ASSIGNED TASK ->
Would you set down the data that follows, word for word, without any pictures?

THE DATA ->
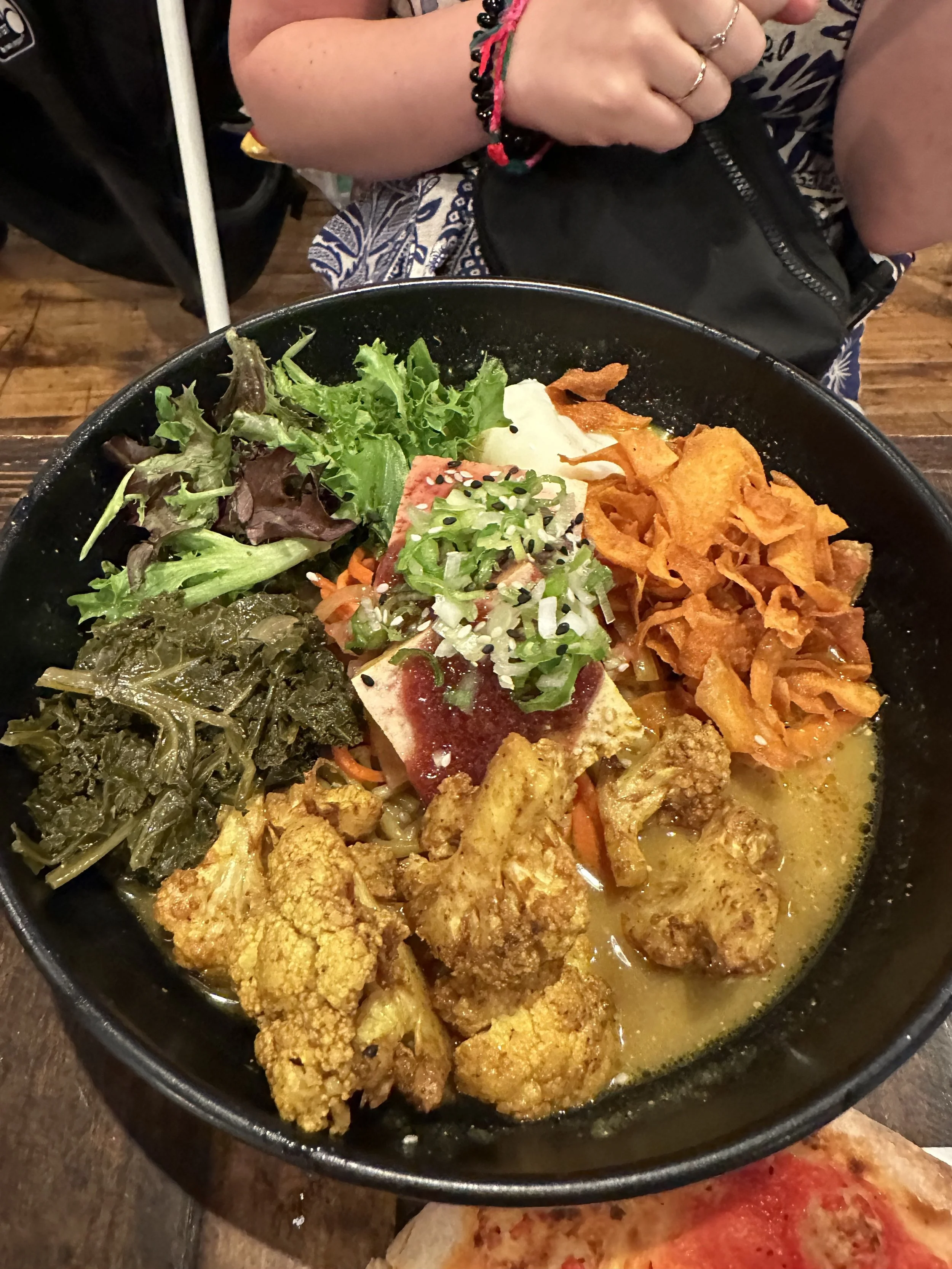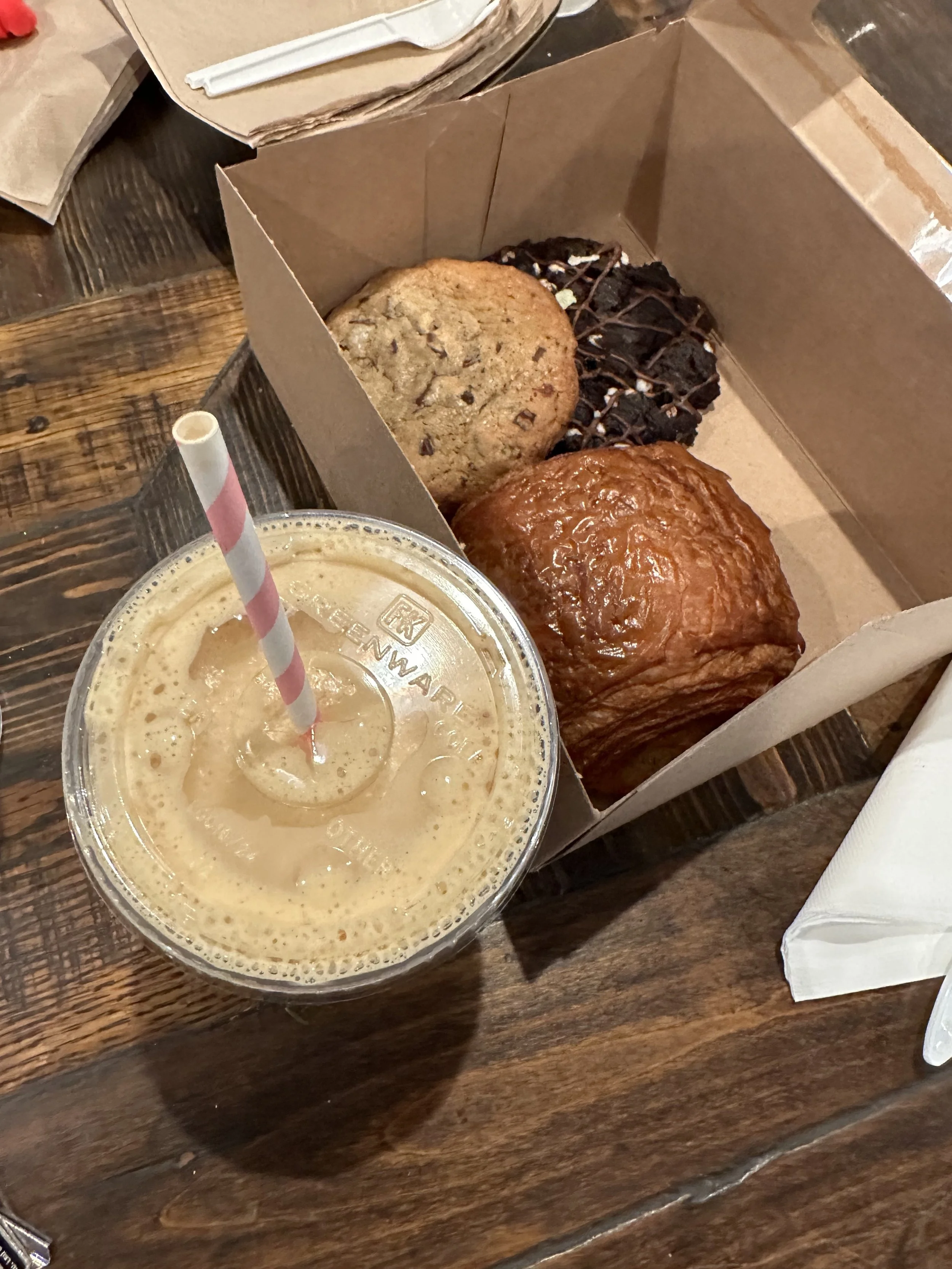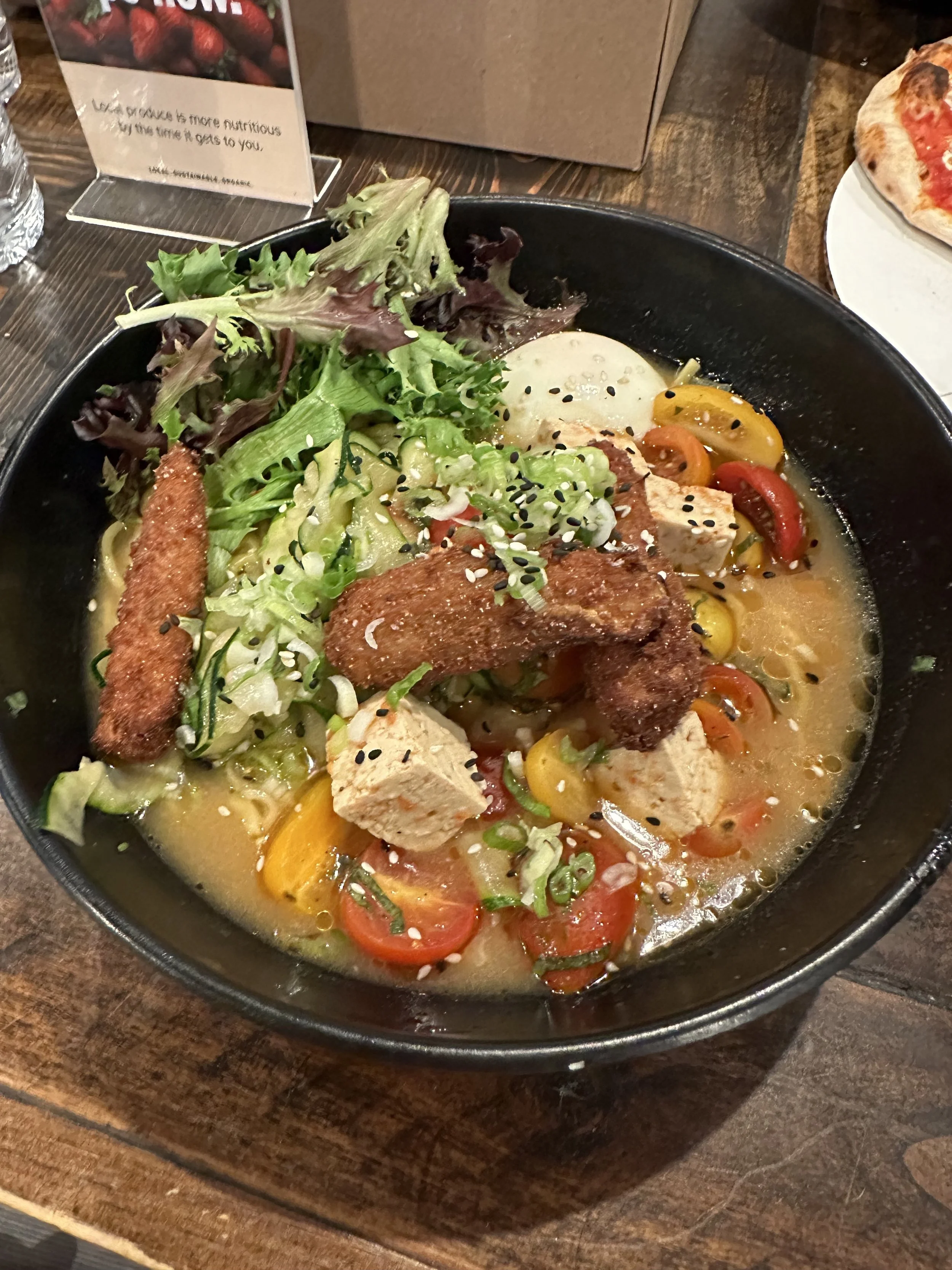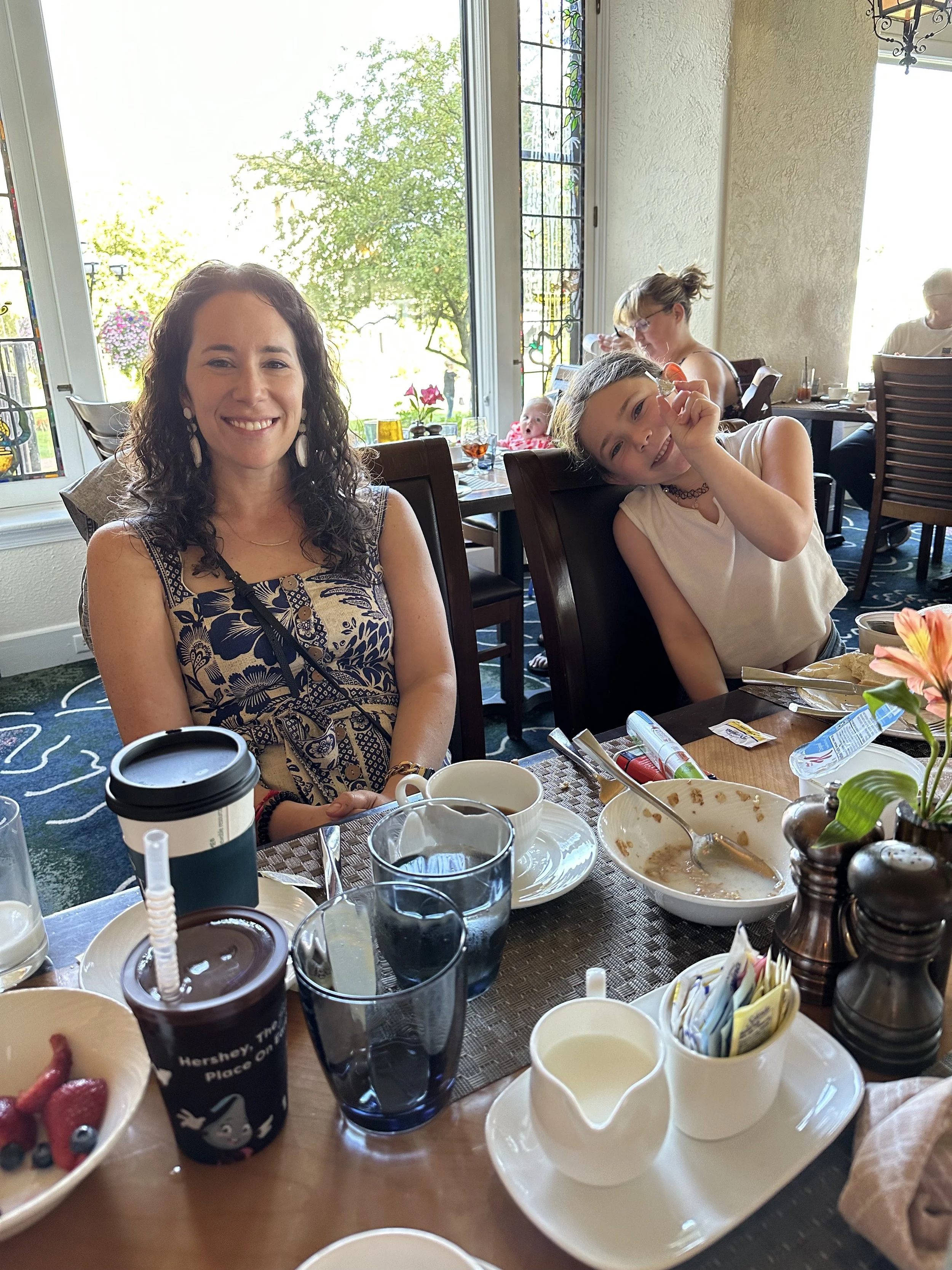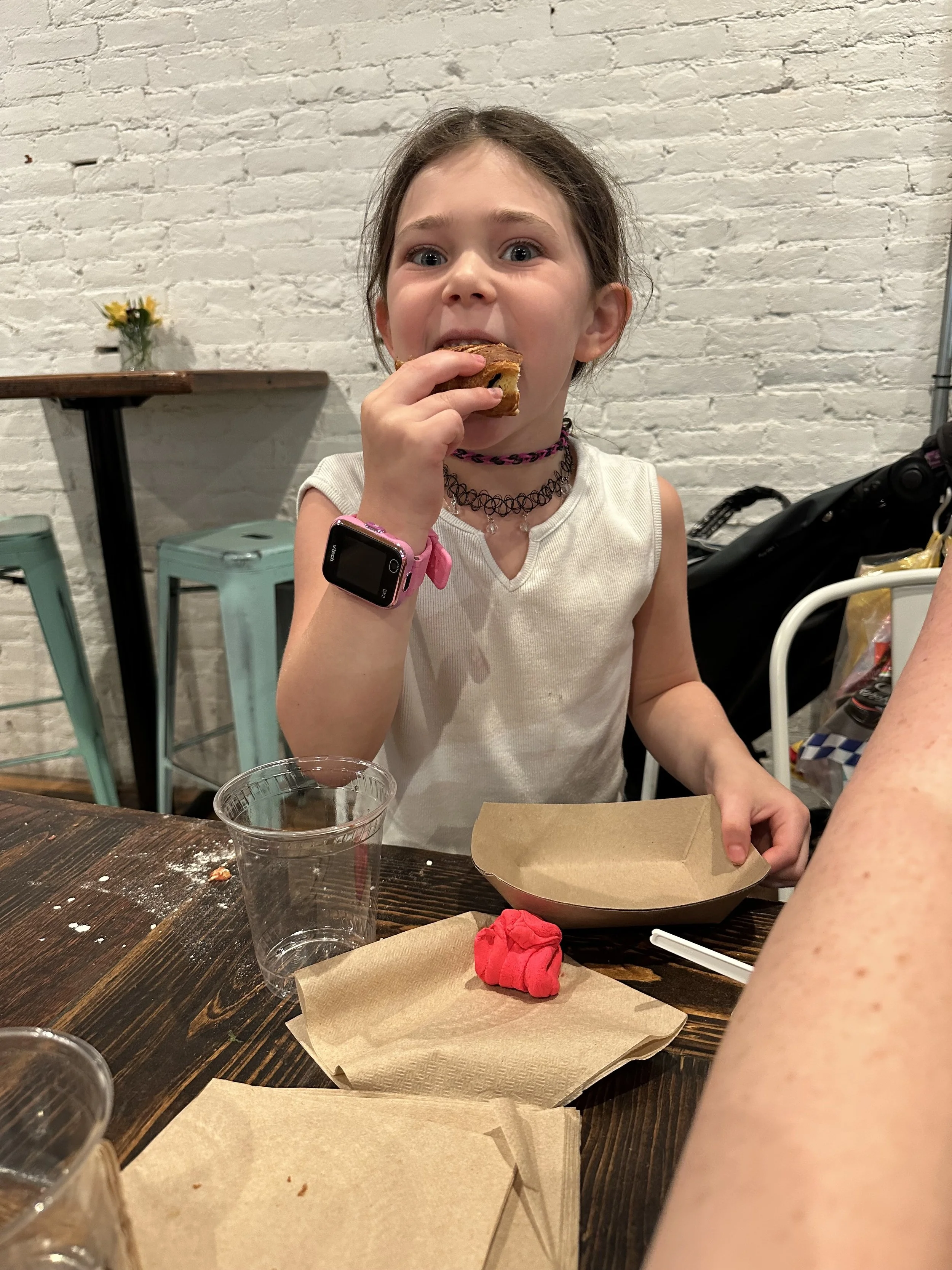 We bought a huge box of crayons and then headed out because everyone was hungry. Easton is a lovely little town. We went across the street to the Easton Public Market, a great food hall with a lot of options. We got pizza for the kids at a place called Scratch, because it would be a crime for them to go a day without pizza, and I had one of the best dishes of my life, a vegetarian ramen from a place called Mister Lee’s Noodles. [Tzvi: Someone call the New York Times. Tomorrow’s headline: “White Lady Discovers Asian Food.”] It was delicious and loaded with veggies and egg and tofu. Tzvi had a tomato ramen that had fried eggplant and mozzarella. We also got cookies and a chocolate croissant from a bakery called Modern Crumb, as well as some delicious coffees.
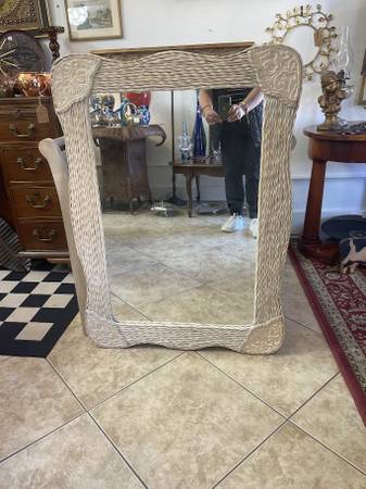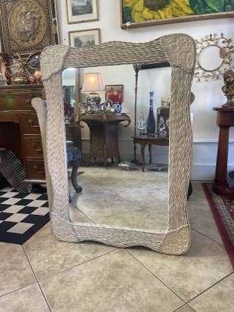 Pier1 Jamaica Collection Mirror – Wicker & Wood, Whitewashed Finish Details: Original whitewashed finish Wicker and wood frame Size: 26.5" W (top) / 27" W (bottom) x 37" H Condition: Used, Good...
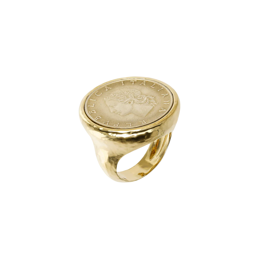 Anello chevalier Etrusca Gioielli realizzato in lega Golden, placcata oro giallo 18kt, con superficie martellata e impreziosito da una moneta originale.
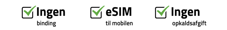 - Du kan bruge hele din tale-, SMS- og MMS pakke, samt en andel af datapakken i EU - det er inkluderet i abonnementet.

RESULT FOR THIS TASK ->
 We bought a huge box of crayons and then headed out because everyone was hungry. Easton is a lovely little town. We went across the street to the Easton Public Market, a great food hall with a lot of options. We got pizza for the kids at a place called Scratch, because it would be a crime for them to go a day without pizza, and I had one of the best dishes of my life, a vegetarian ramen from a place called Mister Lee’s Noodles. [Tzvi: Someone call the New York Times. Tomorrow’s headline: “White Lady Discovers Asian Food.”] It was delicious and loaded with veggies and egg and tofu. Tzvi had a tomato ramen that had fried eggplant and mozzarella. We also got cookies and a chocolate croissant from a bakery called Modern Crumb, as well as some delicious coffees.
 Pier1 Jamaica Collection Mirror – Wicker & Wood, Whitewashed Finish Details: Original whitewashed finish Wicker and wood frame Size: 26.5" W (top) / 27" W (bottom) x 37" H Condition: Used, Good...
 Anello chevalier Etrusca Gioielli realizzato in lega Golden, placcata oro giallo 18kt, con superficie martellata e impreziosito da una moneta originale.
 - Du kan bruge hele din tale-, SMS- og MMS pakke, samt en andel af datapakken i EU - det er inkluderet i abonnementet.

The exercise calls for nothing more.